WORK TO BE COMPLETED >>
Each record that follows is to be reproduced character for character, pictures excepted.

PROVIDED MATERIAL >>
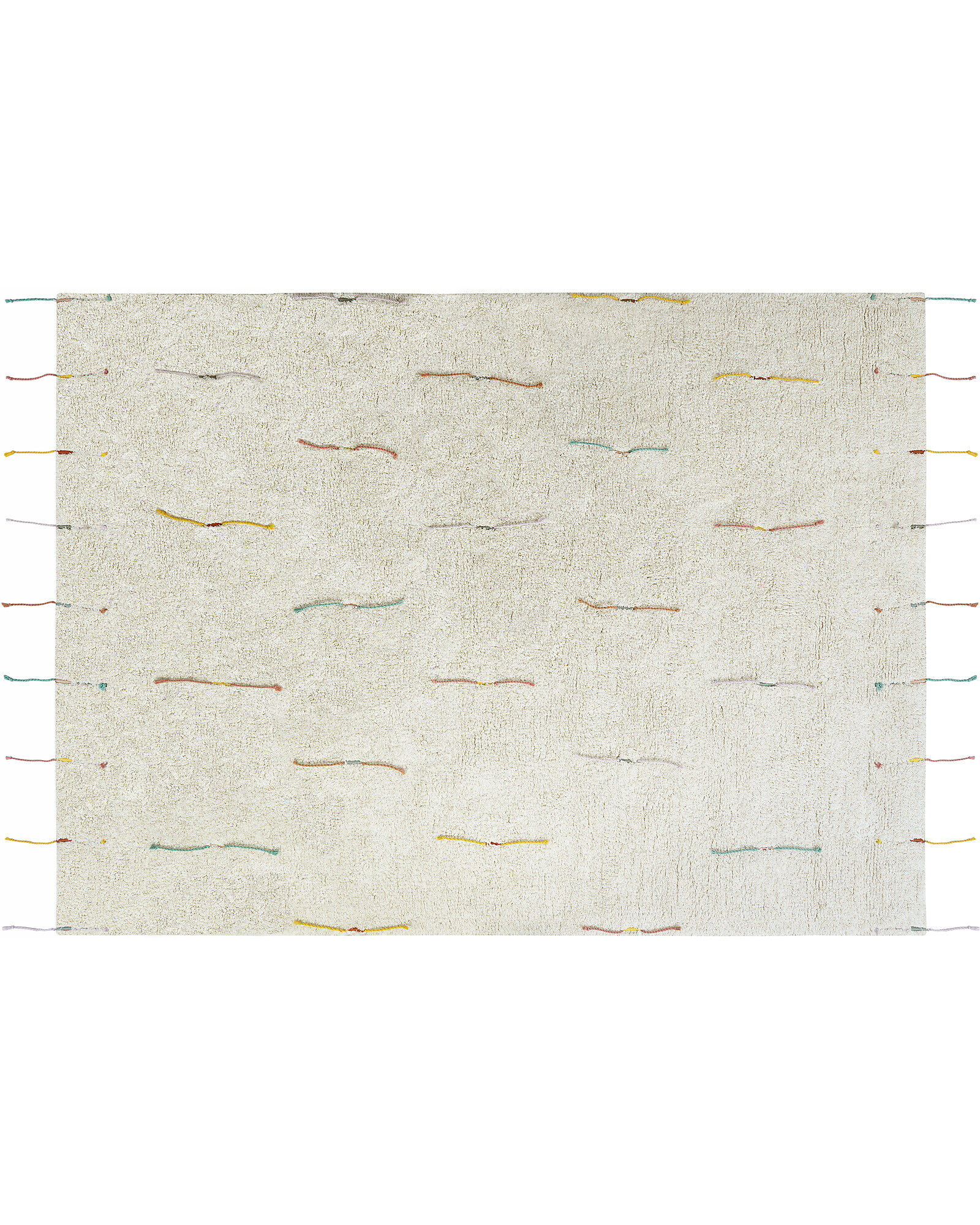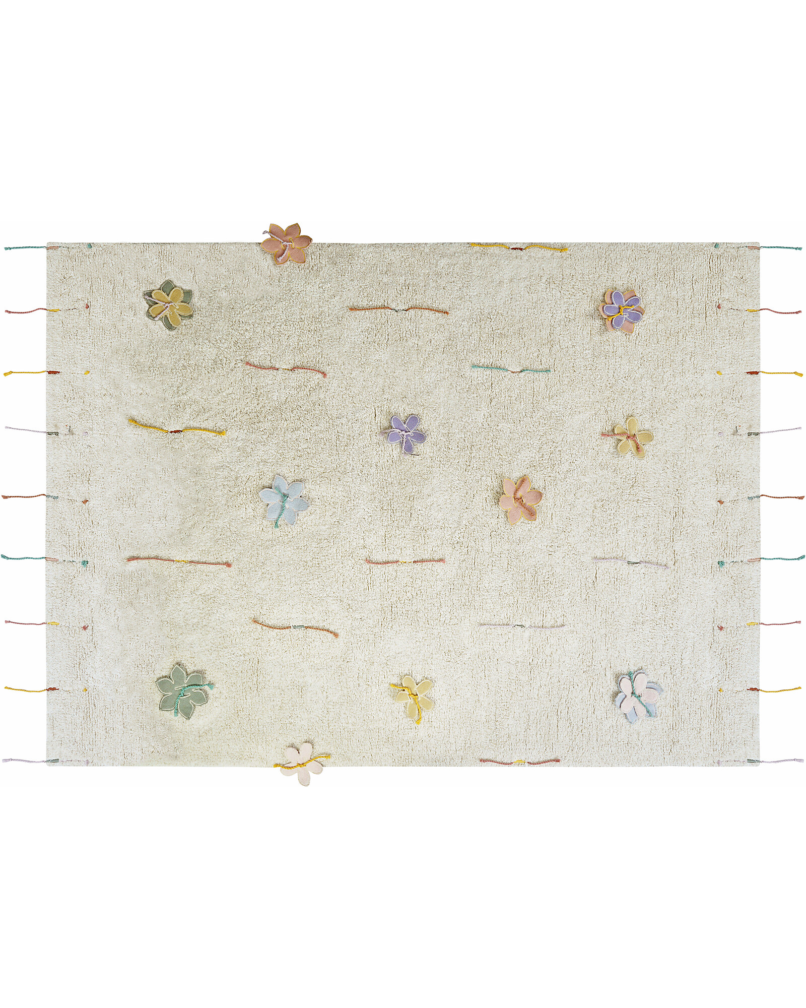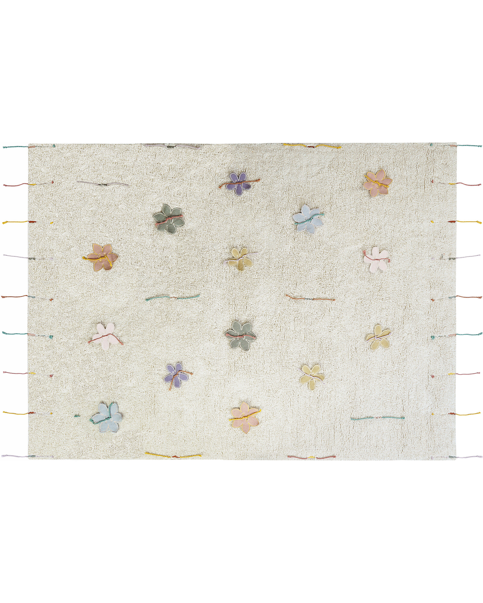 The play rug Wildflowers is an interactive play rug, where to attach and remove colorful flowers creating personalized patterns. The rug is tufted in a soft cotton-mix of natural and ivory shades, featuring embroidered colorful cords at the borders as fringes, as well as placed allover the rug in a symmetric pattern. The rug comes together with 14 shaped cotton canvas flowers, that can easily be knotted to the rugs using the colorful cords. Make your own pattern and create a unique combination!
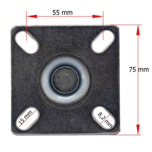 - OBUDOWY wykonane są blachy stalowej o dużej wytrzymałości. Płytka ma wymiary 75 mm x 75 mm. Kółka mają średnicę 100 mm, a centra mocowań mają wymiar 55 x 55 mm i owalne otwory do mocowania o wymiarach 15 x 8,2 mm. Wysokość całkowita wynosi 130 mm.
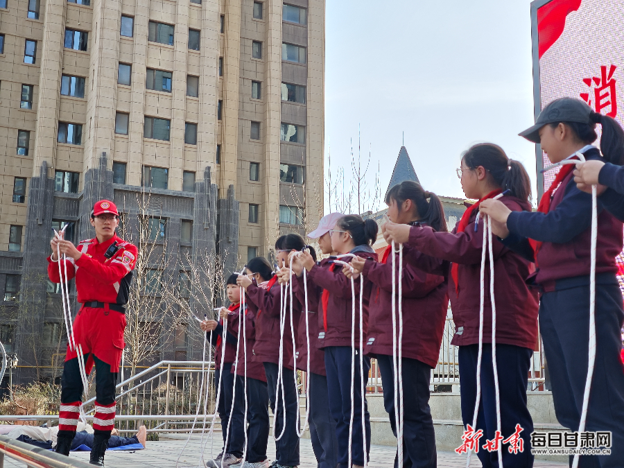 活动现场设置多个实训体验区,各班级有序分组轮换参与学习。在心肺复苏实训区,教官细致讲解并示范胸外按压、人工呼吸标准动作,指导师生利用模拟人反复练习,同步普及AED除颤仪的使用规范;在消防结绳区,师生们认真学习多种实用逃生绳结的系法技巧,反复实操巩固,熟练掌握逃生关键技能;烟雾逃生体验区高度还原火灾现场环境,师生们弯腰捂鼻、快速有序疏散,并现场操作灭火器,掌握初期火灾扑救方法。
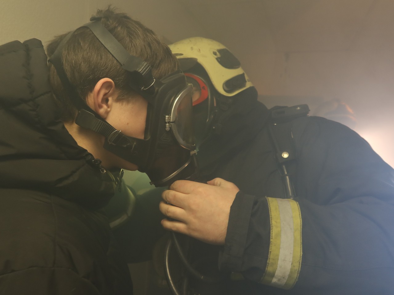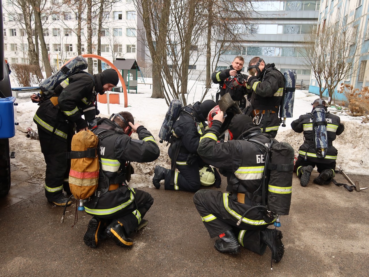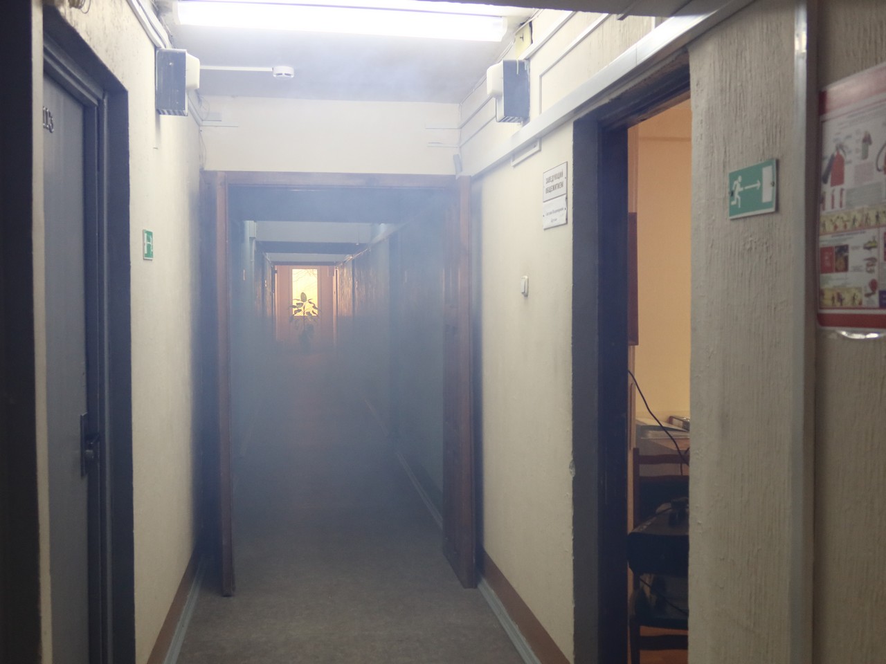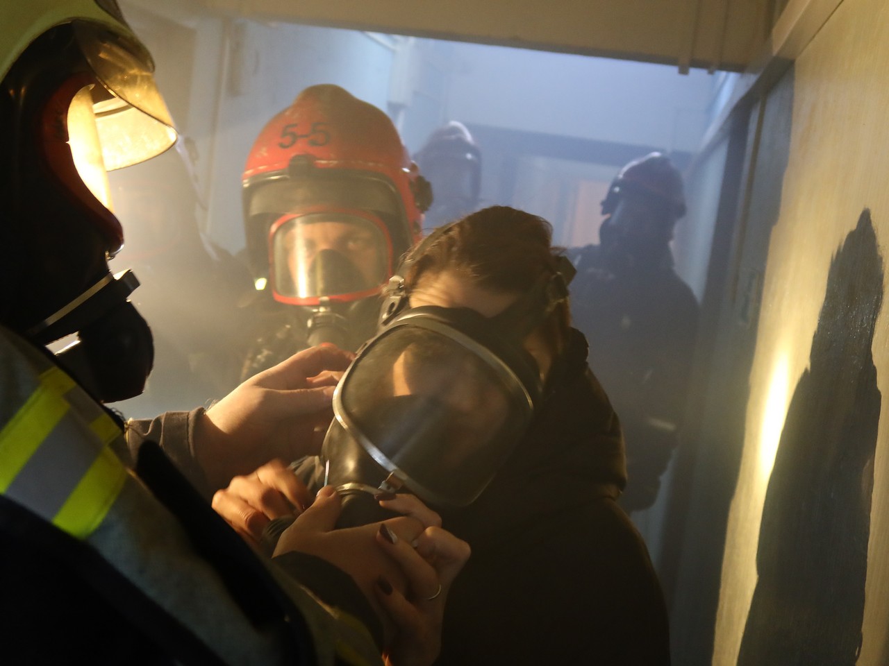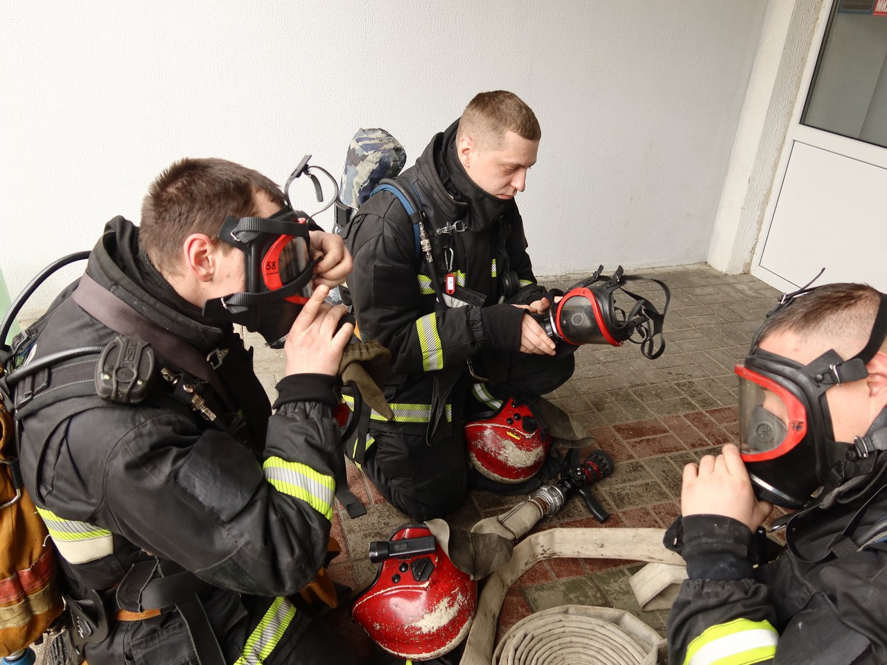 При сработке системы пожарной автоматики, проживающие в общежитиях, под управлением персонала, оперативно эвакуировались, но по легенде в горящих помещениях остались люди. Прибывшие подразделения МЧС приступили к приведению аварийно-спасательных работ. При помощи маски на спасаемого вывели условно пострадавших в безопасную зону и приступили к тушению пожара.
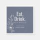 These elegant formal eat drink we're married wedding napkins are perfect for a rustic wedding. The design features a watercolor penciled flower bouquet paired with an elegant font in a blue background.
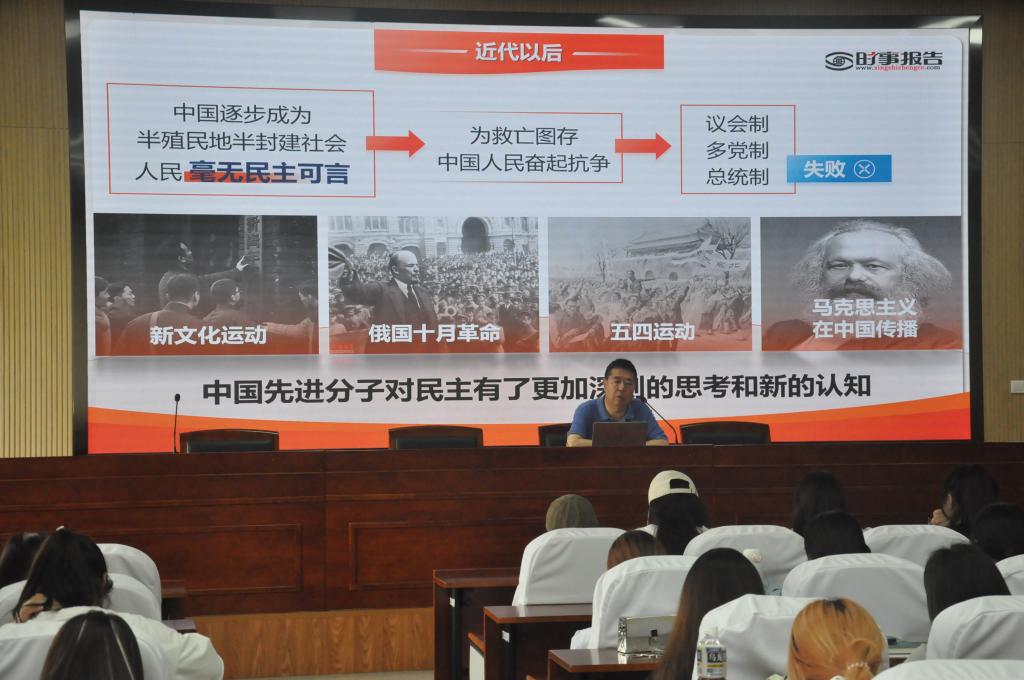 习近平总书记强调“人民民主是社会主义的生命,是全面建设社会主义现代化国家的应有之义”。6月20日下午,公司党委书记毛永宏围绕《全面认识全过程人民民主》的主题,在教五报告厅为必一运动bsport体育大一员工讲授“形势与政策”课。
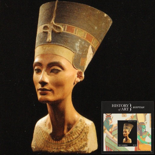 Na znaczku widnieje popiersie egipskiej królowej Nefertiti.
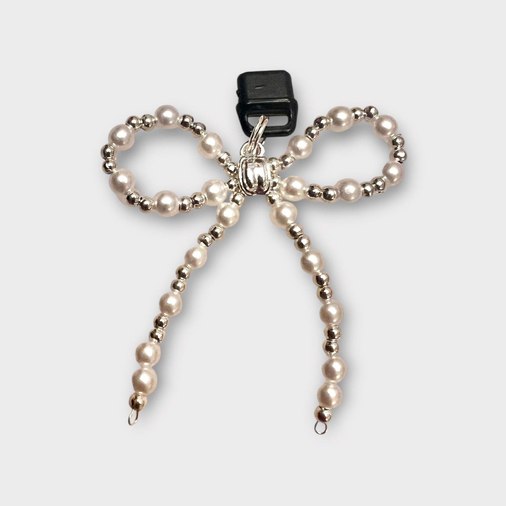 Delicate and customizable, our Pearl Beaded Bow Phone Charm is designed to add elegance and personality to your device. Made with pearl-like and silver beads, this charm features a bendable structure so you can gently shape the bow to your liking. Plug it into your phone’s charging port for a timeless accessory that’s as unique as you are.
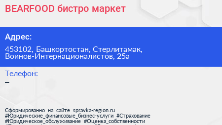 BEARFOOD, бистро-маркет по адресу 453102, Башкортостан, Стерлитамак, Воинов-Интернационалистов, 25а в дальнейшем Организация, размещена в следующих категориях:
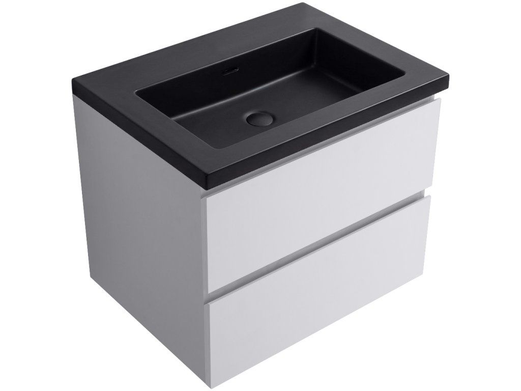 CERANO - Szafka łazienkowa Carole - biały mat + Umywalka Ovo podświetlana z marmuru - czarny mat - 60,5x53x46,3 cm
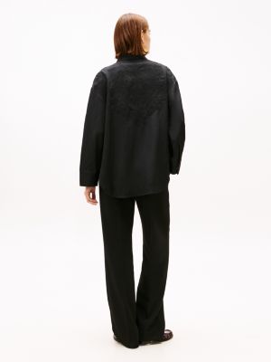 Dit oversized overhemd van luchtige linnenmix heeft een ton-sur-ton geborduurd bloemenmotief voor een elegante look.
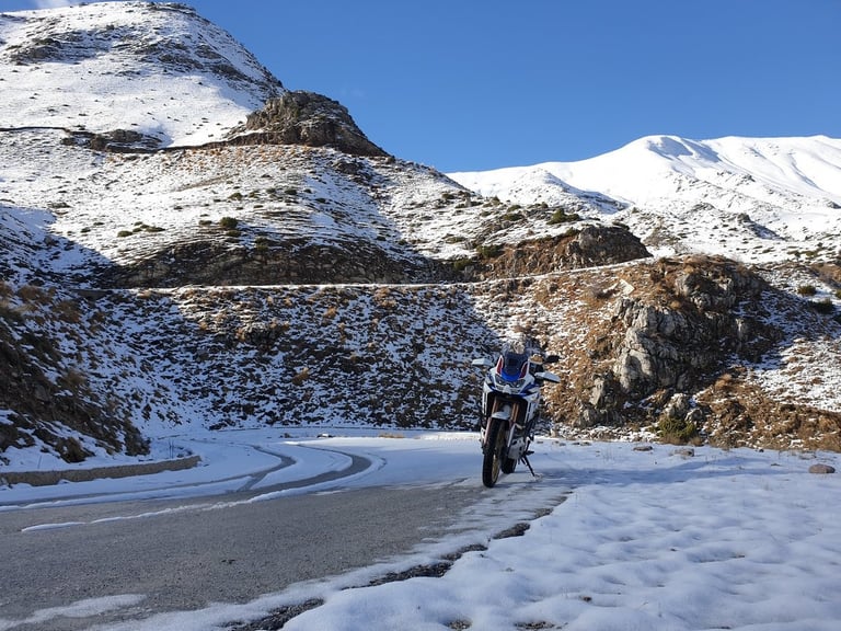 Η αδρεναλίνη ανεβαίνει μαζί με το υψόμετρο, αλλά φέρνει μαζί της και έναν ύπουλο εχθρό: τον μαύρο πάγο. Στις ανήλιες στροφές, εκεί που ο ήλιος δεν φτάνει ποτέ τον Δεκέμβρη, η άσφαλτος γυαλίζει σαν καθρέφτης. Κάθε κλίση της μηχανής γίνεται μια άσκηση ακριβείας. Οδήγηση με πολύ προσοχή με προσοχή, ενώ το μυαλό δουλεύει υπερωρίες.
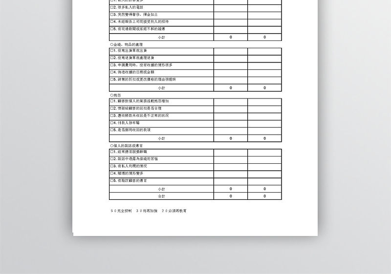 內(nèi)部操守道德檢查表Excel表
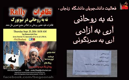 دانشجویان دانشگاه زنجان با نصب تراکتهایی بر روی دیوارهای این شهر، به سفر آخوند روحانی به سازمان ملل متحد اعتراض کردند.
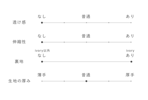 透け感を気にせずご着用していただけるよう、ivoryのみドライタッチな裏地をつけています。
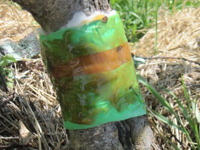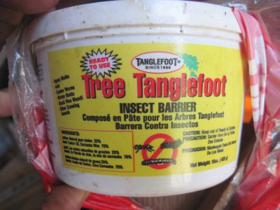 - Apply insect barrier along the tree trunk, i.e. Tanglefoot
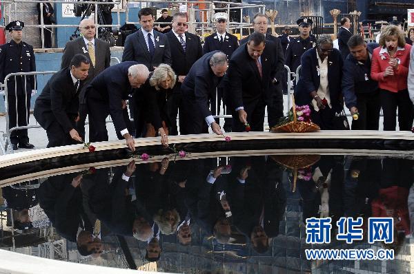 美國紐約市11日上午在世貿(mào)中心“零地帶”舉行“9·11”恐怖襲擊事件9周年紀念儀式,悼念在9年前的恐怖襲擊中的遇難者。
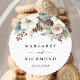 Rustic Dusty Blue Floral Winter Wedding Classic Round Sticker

EXPECTED ANSWER >>
 The play rug Wildflowers is an interactive play rug, where to attach and remove colorful flowers creating personalized patterns. The rug is tufted in a soft cotton-mix of natural and ivory shades, featuring embroidered colorful cords at the borders as fringes, as well as placed allover the rug in a symmetric pattern. The rug comes together with 14 shaped cotton canvas flowers, that can easily be knotted to the rugs using the colorful cords. Make your own pattern and create a unique combination!
 - OBUDOWY wykonane są blachy stalowej o dużej wytrzymałości. Płytka ma wymiary 75 mm x 75 mm. Kółka mają średnicę 100 mm, a centra mocowań mają wymiar 55 x 55 mm i owalne otwory do mocowania o wymiarach 15 x 8,2 mm. Wysokość całkowita wynosi 130 mm.
 活动现场设置多个实训体验区,各班级有序分组轮换参与学习。在心肺复苏实训区,教官细致讲解并示范胸外按压、人工呼吸标准动作,指导师生利用模拟人反复练习,同步普及AED除颤仪的使用规范;在消防结绳区,师生们认真学习多种实用逃生绳结的系法技巧,反复实操巩固,熟练掌握逃生关键技能;烟雾逃生体验区高度还原火灾现场环境,师生们弯腰捂鼻、快速有序疏散,并现场操作灭火器,掌握初期火灾扑救方法。
 При сработке системы пожарной автоматики, проживающие в общежитиях, под управлением персонала, оперативно эвакуировались, но по легенде в горящих помещениях остались люди. Прибывшие подразделения МЧС приступили к приведению аварийно-спасательных работ. При помощи маски на спасаемого вывели условно пострадавших в безопасную зону и приступили к тушению пожара.
 These elegant formal eat drink we're married wedding napkins are perfect for a rustic wedding. The design features a watercolor penciled flower bouquet paired with an elegant font in a blue background.
 习近平总书记强调“人民民主是社会主义的生命,是全面建设社会主义现代化国家的应有之义”。6月20日下午,公司党委书记毛永宏围绕《全面认识全过程人民民主》的主题,在教五报告厅为必一运动bsport体育大一员工讲授“形势与政策”课。
 Na znaczku widnieje popiersie egipskiej królowej Nefertiti.
 Delicate and customizable, our Pearl Beaded Bow Phone Charm is designed to add elegance and personality to your device. Made with pearl-like and silver beads, this charm features a bendable structure so you can gently shape the bow to your liking. Plug it into your phone’s charging port for a timeless accessory that’s as unique as you are.
 BEARFOOD, бистро-маркет по адресу 453102, Башкортостан, Стерлитамак, Воинов-Интернационалистов, 25а в дальнейшем Организация, размещена в следующих категориях:
 CERANO - Szafka łazienkowa Carole - biały mat + Umywalka Ovo podświetlana z marmuru - czarny mat - 60,5x53x46,3 cm
 Dit oversized overhemd van luchtige linnenmix heeft een ton-sur-ton geborduurd bloemenmotief voor een elegante look.
 Η αδρεναλίνη ανεβαίνει μαζί με το υψόμετρο, αλλά φέρνει μαζί της και έναν ύπουλο εχθρό: τον μαύρο πάγο. Στις ανήλιες στροφές, εκεί που ο ήλιος δεν φτάνει ποτέ τον Δεκέμβρη, η άσφαλτος γυαλίζει σαν καθρέφτης. Κάθε κλίση της μηχανής γίνεται μια άσκηση ακριβείας. Οδήγηση με πολύ προσοχή με προσοχή, ενώ το μυαλό δουλεύει υπερωρίες.
 內(nèi)部操守道德檢查表Excel表
 دانشجویان دانشگاه زنجان با نصب تراکتهایی بر روی دیوارهای این شهر، به سفر آخوند روحانی به سازمان ملل متحد اعتراض کردند.
 透け感を気にせずご着用していただけるよう、ivoryのみドライタッチな裏地をつけています。
 - Apply insect barrier along the tree trunk, i.e. Tanglefoot
 美國紐約市11日上午在世貿(mào)中心“零地帶”舉行“9·11”恐怖襲擊事件9周年紀念儀式,悼念在9年前的恐怖襲擊中的遇難者。
 Rustic Dusty Blue Floral Winter Wedding Classic Round Sticker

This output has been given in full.